PROVIDED RECORDS Block Start
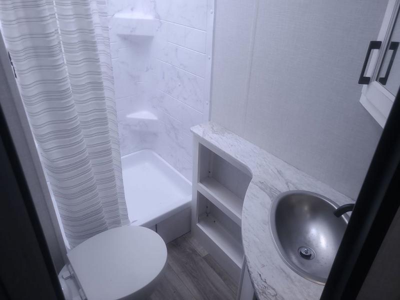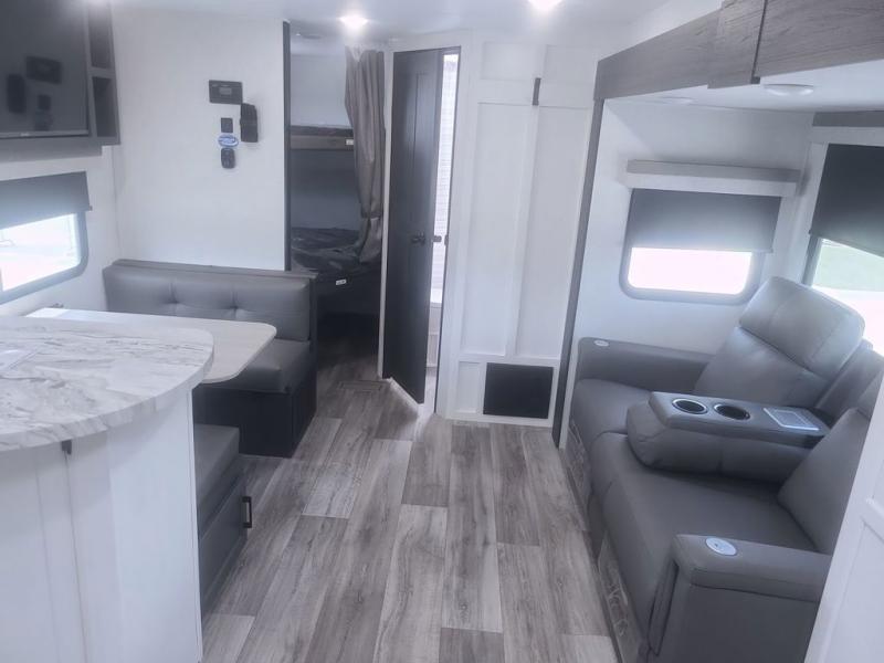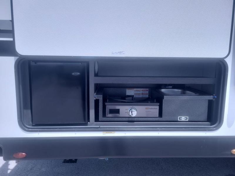 Sleep tight with your family on the road! This travel trailer is special for the whole family since it has plenty of space for sleep. First we have the 60" x 80" queen bed, the 51" x 75" double size bunk bed, you can also two people on the sit n' slide dinette and one more on the 70" sofa. Cook delicious dinner in the incredible kitchen. It includes stainless steel sink with cover and dish drying racks, three cooktop burner, 10 cu. refrigerator, pantry and an over head cabinet. However you can also have an amazing cooking time outside thanks to the outdoor kitchen, ideal ideal to share a meal with your family while enjoying nature and its surroundings. Store your belongings in the large closet beside the bed and also in the pass thru storage. Finally, take a relaxing bath in the full bathroom furnished with a 30" x 36" shower.
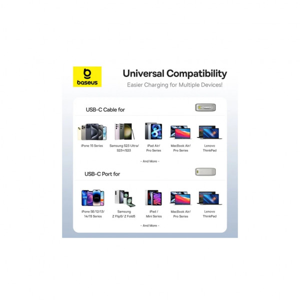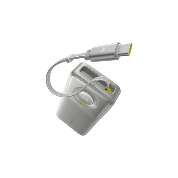 Зовнішній акумулятор Baseus 65 Вт поставляється з вбудованим кабелем USB-C довжиною 2.3 фута (0.7 м). Потягніть за висувний кабель USB-C, щоб відрегулювати довжину кабелю, а потім потягніть його знову, щоб втягнути та прибрати. Попрощайтеся зі сплутаними кабелями та безладним середовищем заряджання.
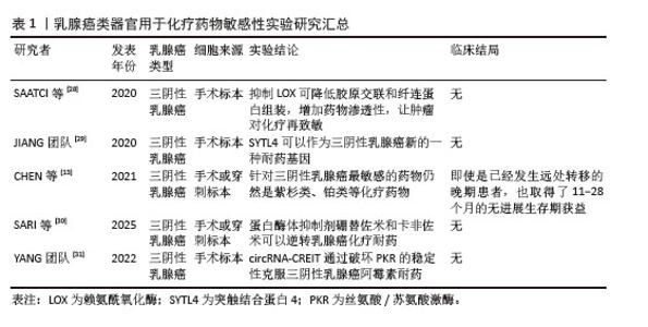 2.2 乳腺癌类器官基于精准医疗背景下的药物筛选 目前乳腺癌的精准治疗主要基于其肿瘤的分子分型、生物标志物以及个体化差异,为患者制定个性化的治疗方案。一般将乳腺癌分为HER2阳性型、激素受体阳性型以及三阴性乳腺癌(triple negative breast cancer,TNBC)[17]。针对HER2阳性型乳腺癌,通常使用曲妥珠单抗/帕妥珠单抗靶向HER2有效治疗这类患者。针对雌激素受体阳性型(HR+)患者,内分泌治疗常用于治疗该类患者,包括芳香化酶抑制剂、雌激素受体调节剂等。目前针对高复发风险的HR+型乳腺癌患者,CDK4/6抑制剂(如瑞博西利、阿贝西利和达拉西利)联合内分泌治疗在改善此类患者的无病生存期取得了令人惊喜的效果[18-19]。三阴性乳腺癌目前尚无针对性的治疗策略,化疗往往是临床上采取的相对有效的治疗方法,但是三阴性乳腺癌对化疗的敏感性也因人而异,这也导致患者的预后相对较差[20]。学者们为提高三阴性乳腺癌的疗效做出了巨大的努力,上海复旦大学附属肿瘤医院邵志敏教授团队基于三阴性乳腺癌基因组与转录组景观,提出了三阴性乳腺癌的“复旦分型”,针对不同的亚型,也提出了不同的针对性治疗策略[21]。免疫治疗,特别是针对程序性细胞死亡蛋白1/程序性细胞死亡配体1的治疗,目前在三阴性乳腺癌中取得了一定的疗效。在KEYNOTE-522试验中,帕博利珠单抗联合新辅助化疗显著提高了病理完全缓解率(64.8% vs. 51.2%),并延长了无事件生存期[22]。但无论是化疗,亦或者是免疫治疗,许多患者往往因无法耐受药物副反应而中止治疗,导致三阴性乳腺癌类型乳腺癌患者5年生存率仍然偏低。 如何选择针对肿瘤异质性如此显著的乳腺癌患者治疗药物,以及判断相关药物的治疗毒性,仍旧是目前乳腺癌治疗领域等待突破的关键问题之一。类器官作为一种高效的药物敏感性筛选模型能在很大程度上改变这种局面,其生物学信息的高保真性、与其亲本肿瘤高度一致的药物反应性,进一步指导临床药物使用,更好地推动对乳腺癌的精准治疗。CHEN团队[13]从99个样本中建立了132个乳腺癌类器官模型,总体成功率为75%,随后使用这些模型进行药物敏感性测试,最后的结果显示从类器官模型上获得的药物反应在很大程度上反映原发性肿瘤的反应。WU等[23]建立的70余例乳腺癌类器官模型检测药物疗效也取得了近似的结果,为后续乳腺癌的精准治疗提供了依据。此外,可以从药物筛选单独角度出发,利用类器官技术观察类器官培养上清液中循环肿瘤DNA(ctDNA)变异等位基因频率的动态变化并且联合药敏性实验多维度指导治疗策略[24]。 2.2.1 化疗药物 化疗是目前乳腺癌治疗的常用手段,尤其是针对三阴性乳腺癌,化疗是其治疗策略的核心[25]。乳腺癌化疗通常有蒽环类、紫杉类以及铂类药物,各类化疗药物往往引起各不相同的副反应,比如说蒽环类药物不可逆的心脏毒性,以及紫杉类药物的神经毒性等等,都在很大程度上威胁患者的身心健康,影响患者的生活质量,导致患者依从性差。如何精准筛选药敏性强的化疗药物,在保证杀伤效果的同时,尽可能减低化疗的毒副反应,是目前制定化疗策略的关键。基于类器官检测药物敏感性的结果,修正具体的临床用药,选择最适合患者的化疗方案,获得临床最大收益。同时,使用类器官这个工具也可以评估化疗联合其他药物作用于不同类型乳腺癌的获益。 针对三阴性乳腺癌患者,虽然化疗是目前相对有效的治疗手段,但达到病理完全缓解的三阴性乳腺癌患者仍然只有30%-40%,这与三阴性乳腺癌的肿瘤特性所导致的化疗耐药密切相关[26]。学者们利用类器官寻找针对三阴性乳腺癌高药敏性的化疗药物,亦或是基于类器官寻找化疗联合其他药物的三阴性乳腺癌治疗策略仍然是目前研究的热点[27]。SAATCI等[28]发现在阿霉素耐药的三阴性乳腺癌类器官中,LOX抑制剂与阿霉素的组合显著减小了类器官大小,抑制LOX可降低胶原交联和纤连蛋白组装,增加药物渗透性,并下调ITGA5/FN1表达,导致抑制FAK/Src信号传导,诱导细胞凋亡和对化疗的再致敏。JIANG团队[29]用患者来源三阴性乳腺癌类器官模型鉴定了SYTL4可以作为三阴性乳腺癌新的一种耐药基因。在CHEN等[13]的研究中,他们建立了13例类器官样本,其中包括8例三阴性乳腺癌,应用类器官进行药敏实验发现针对三阴性乳腺癌最敏感的药物仍然是紫杉类、铂类等化疗药物,将药敏实验结果应用于临床实践,同样也获得了与预期一样不错的疗效,即使是已经发生远处转移的晚期患者,也取得了11-28个月的无进展生存期的获益。利用乳腺癌类器官检测化疗药物敏感性的相关文献结论总结如表1所示。 "
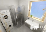 Jeden z domů je vybavena moderními technologiemi – tepelné čerpadlo s teplovodním podlahovým vytápěním, řízené větrání – rekuperace, exteriérové žaluzie, centrální vysavač, stylová krbová kamna, designové obklady koupelny a WC, vinylové podlahy, oboustranný dekor oken a vstupních dveří, navýšení tloušťky jednotlivých tepelných izolací.
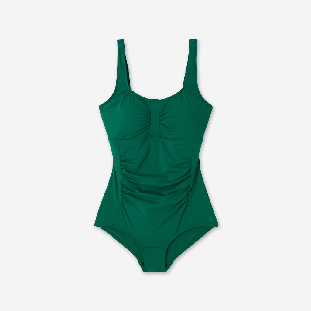 A women’s 1-piece swimsuit with good coverage, designed for aquafitness or swimming with confidence. Feel confident in yourself and in your swimsuit!
PROVIDED RECORDS Block End
The answer must be the lines above from the line that contains "Jeden z domů" to the final line of the data, word for word, with no pictures.

 Jeden z domů je vybavena moderními technologiemi – tepelné čerpadlo s teplovodním podlahovým vytápěním, řízené větrání – rekuperace, exteriérové žaluzie, centrální vysavač, stylová krbová kamna, designové obklady koupelny a WC, vinylové podlahy, oboustranný dekor oken a vstupních dveří, navýšení tloušťky jednotlivých tepelných izolací.
 A women’s 1-piece swimsuit with good coverage, designed for aquafitness or swimming with confidence. Feel confident in yourself and in your swimsuit!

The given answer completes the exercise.